Titiou & moi
Je ne peux sereinement commencer cet article sans vous faire une confession : j’ai une adoration pour le travail de Titiou Lecoq. Cette adoration, elle a commencé lorsque j’ai lu Chroniques de la débrouille (ou Sans télé, on ressent davantage le froid, pour les fans de la première heure). Pendant une courte semaine, mes trajets de métro se faisaient livre en main et hilare. J’étais un peu une recommandation bibliographique ambulante : les passagers me regardaient du coin de l’œil verser mes larmes de rire. Cette passion s’est transformée en culte hebdomadaire lorsque j’ai découvert que Titiou Lecoq rédigeait une newsletter pour Slate. Chez moi, la messe se fait donc le vendredi matin sur ma boîte mail (je vous somme de vous y inscrire illico). Quelques temps plus tard, mon idolâtrie a pris une tournure révolutionnaire grâce à l’ouvrage Le combat féministe se gagne devant le panier de linge sale (attention, ce livre va vous donner envie d’avoir un mari indolent à enguirlander). Bref, je pensais avoir atteint le climax de mon adulation quant Honoré et moi a été publié. Laissez-moi vous en faire une critique parfaitement partiale, subjective et limite fanatique.
Un looser attendrissant
Dans cet ouvrage, Titiou Lecoq nous raconte la vie d’Honoré de Balzac, mais attention sa vraie vie : celle d’un égocentrique poissard qui enchaîne échecs amoureux et fail professionnels. Exit l’éloge studieux de ce génie du réalisme, adios l’oraison littéraire de La Comédie Humaine, dans ce livre, Titiou Lecoq nous parle de l’homme qu’a été Balzac : un attendrissant looser aux idées complètement farfelues. Je l’ai appris en lisant ce livre : Balzac est l’antithèse de l’expression « apprendre de ses erreurs ». Son acharnement insensé rend sa biographie drôlissime et touchante. « Parce qu’il a réussi sa vie en passant son temps à la rater, Balzac est mon frère » écrit l’autrice.
Balzac et les femmes
Mais Titiou Lecoq ne dissèque pas seulement la mauvaise fortune de Balzac, elle met en lumière les femmes qui l’ont aimé, soutenu et surtout sorti du pétrin. Car, on nous le dit peu (pas du tout) sur les bancs de l’école, mais Balzac sans le dévouement de sa mère, de ses amies, de ses amantes, n’aurait pas fait long feu. Par exemple, la mère de Balzac, souvent décrite comme hystérique et pingre par les critiques (masculins) littéraires, s’est avérée être un soutien moral et financier crucial dans la vie de l’auteur. Idem pour son premier grand amour, Antoinette de Berny (qu’il rebaptise « Laure » sans trop lui demander son avis) et qui jouera le rôle de conseillère et relectrice pendant de longues années. Mais ma figure féminine favorite reste Zulma Carraud, la BFF de Balzac auprès de qui il se plaint de ses déboires amoureux et financiers, et qui finit par lui passer un super savon dans une lettre jouissive.

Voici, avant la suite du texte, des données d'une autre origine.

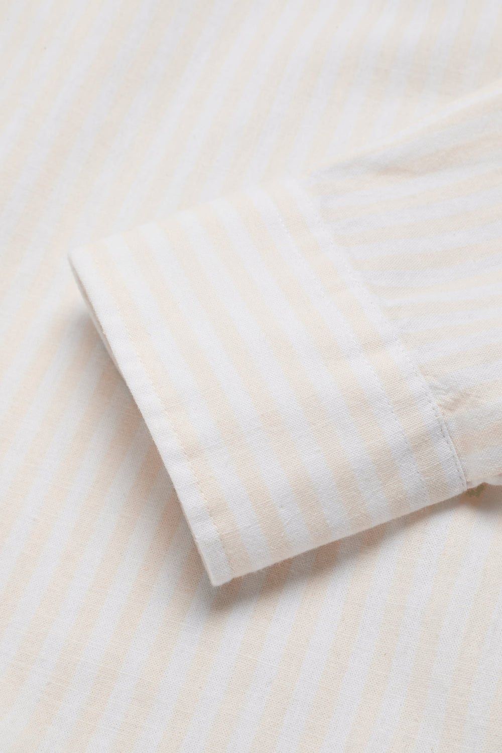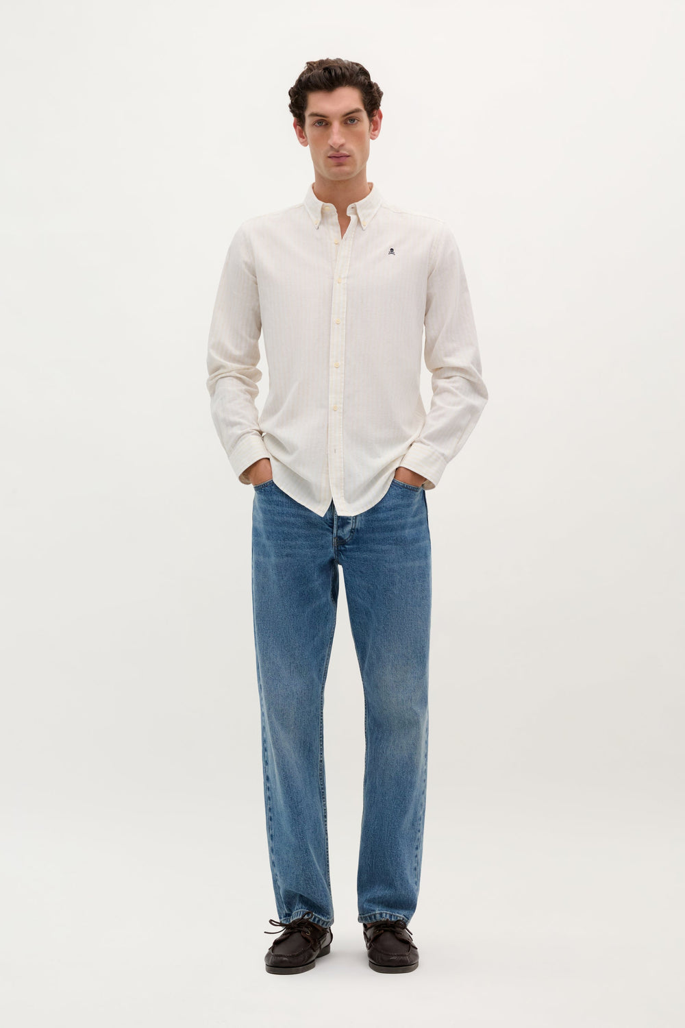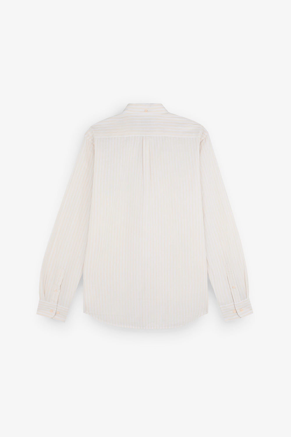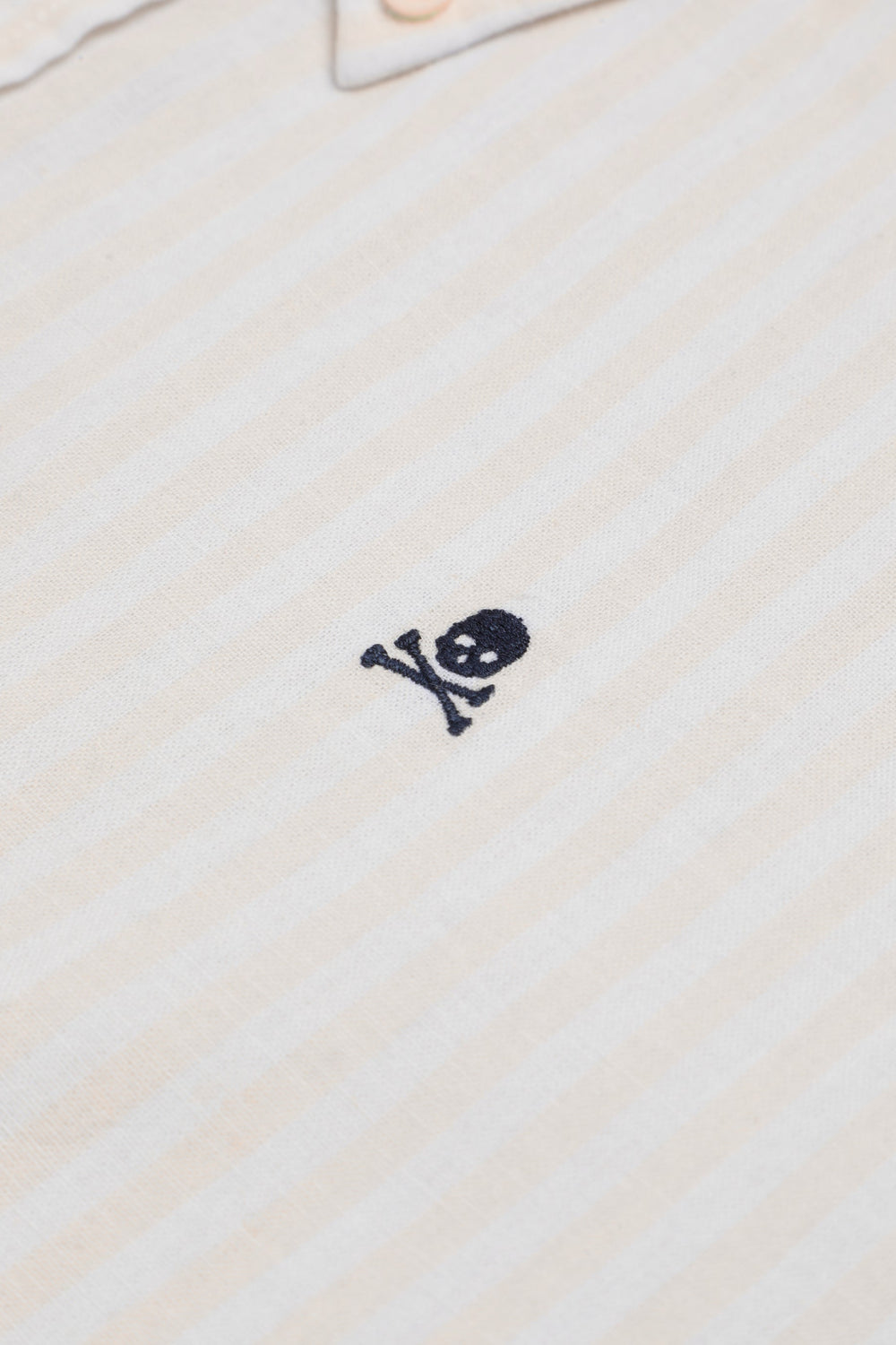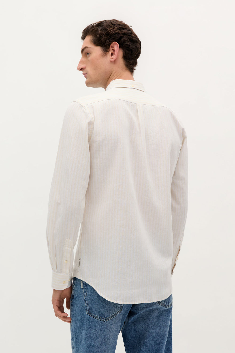 Camisa de rayas con calavera bordada a contraste en pecho. Confeccionada en mezcla de algodón y lino. Corte Regular fit. Cuello con botones. Cierre frontal con botones. Manga larga terminada en puño con botones.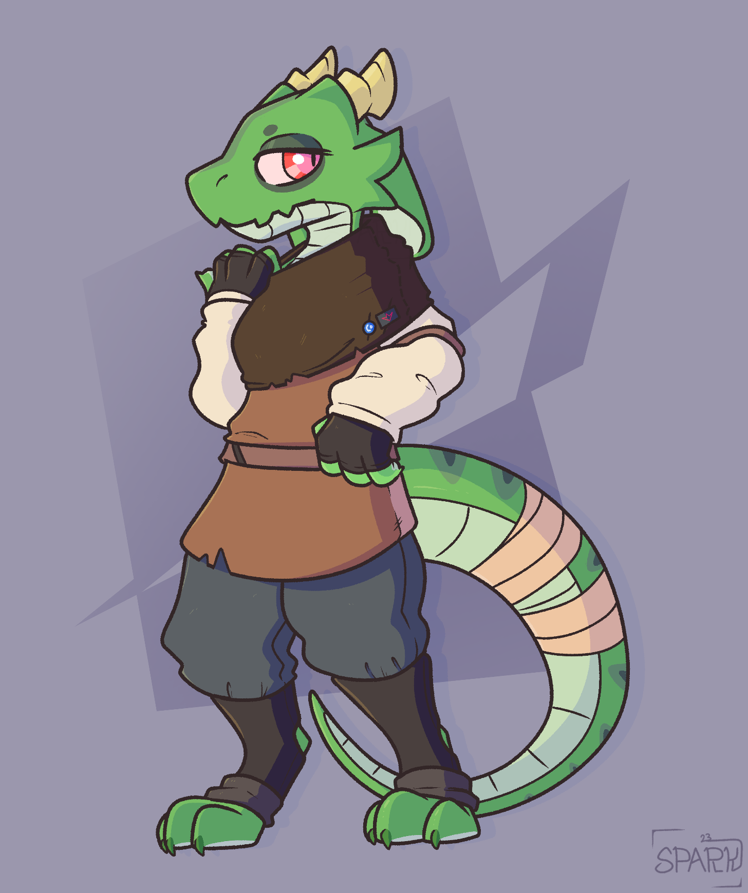 (Reupload, last version was way too big) It was inevitable I make a personal Gremlin character. With that, I thought, why not make mine a Warmaster? Nothing said they had to be in the Crimson Nine to be a Warmaster. I just assume they're leading role in what I call the "Gremlin Royal Forces" which is just the name of their army.Sparky is a leader in logistics and medicine. A talented Mender, they're damn hard to kill and pretty charitable- except to Isorians! Digital Art Fan Art Furry Art(Reupload, last version was way too big) It was inevitable I make a personal Gremlin character. With that, I thought, why not make mine a Warmaster? Nothing said they had to be in the Crimson Nine to be a Warmaster. I just assume they're leading role in what I call the "Gremlin Royal Forces" which is just the name of their army.Sparky is a leader in logistics and medicine. A talented Mender, they're damn hard to kill and pretty charitable- except to Isorians! Digital Art Fan Art Furry Art0 Comments 0 Shares 36 Views

Vous l’aurez compris, Balzac est un grand amoureux des femmes, pas des femmes de roman, lisses et utopiques, mais des femmes en chair et en os, celles qui « étouffent ». C’est pour cela que « contrairement à l’écrasante majorité des hommes de son temps – et des générations suivantes -, il {Balzac} a vu les femmes telles qu’elles vivaient. » écrit Titiou Lecoq. Et en effet, du plus loin que remontent mes lectures balzaciennes, je me souviens que les personnages féminins sont des protagonistes forts, révoltés et dotés d’une étoffe qui les rend palpables. On pense à Eugénie Grandet, à Delphine de Nucingen, à la cousine Bette. Comme le fait remarquer l’autrice, les personnages ne semblent pas modelés par un regard masculin. C’est sans doute cela ce qui les rend, avec Balzac, immortels.